Data under study:
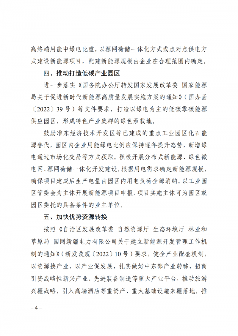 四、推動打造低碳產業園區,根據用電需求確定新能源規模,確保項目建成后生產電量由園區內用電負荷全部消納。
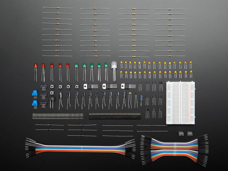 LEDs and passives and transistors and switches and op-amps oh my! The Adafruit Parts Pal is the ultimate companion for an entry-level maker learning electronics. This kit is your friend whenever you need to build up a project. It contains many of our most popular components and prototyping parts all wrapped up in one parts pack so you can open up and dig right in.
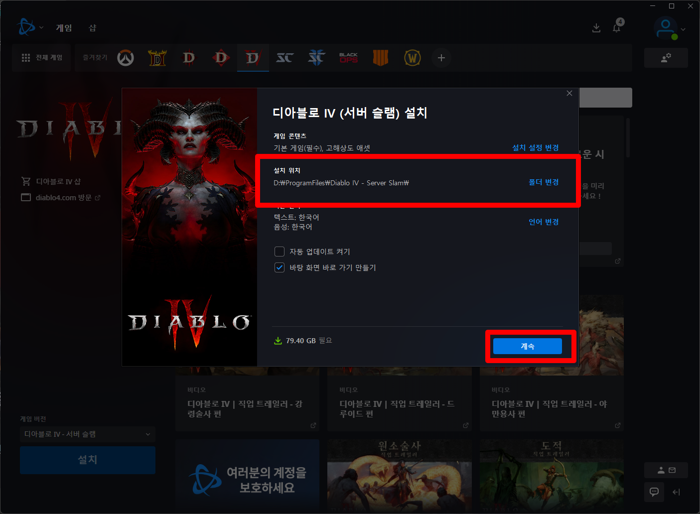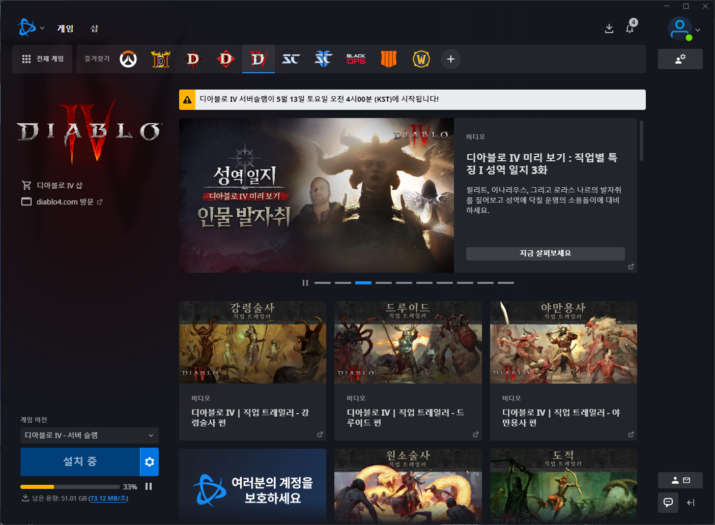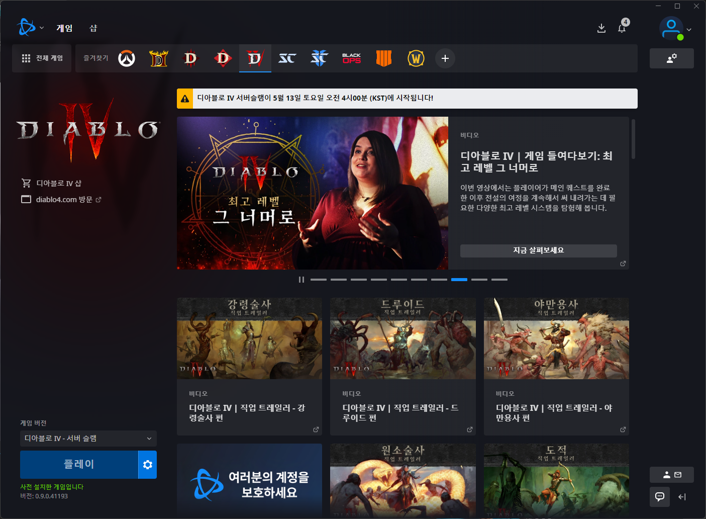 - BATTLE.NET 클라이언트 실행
* * *
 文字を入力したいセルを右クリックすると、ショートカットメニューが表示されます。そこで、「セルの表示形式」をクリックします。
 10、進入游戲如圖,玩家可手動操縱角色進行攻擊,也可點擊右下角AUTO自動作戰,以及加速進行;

Work request:
Starting at the line above that contains "文字を入力したいセルを右クリ", repeat each line exactly up to and including the line that contains "10、進入游戲如圖,玩家可手", and stop there.

Reply:
 文字を入力したいセルを右クリックすると、ショートカットメニューが表示されます。そこで、「セルの表示形式」をクリックします。
 10、進入游戲如圖,玩家可手動操縱角色進行攻擊,也可點擊右下角AUTO自動作戰,以及加速進行;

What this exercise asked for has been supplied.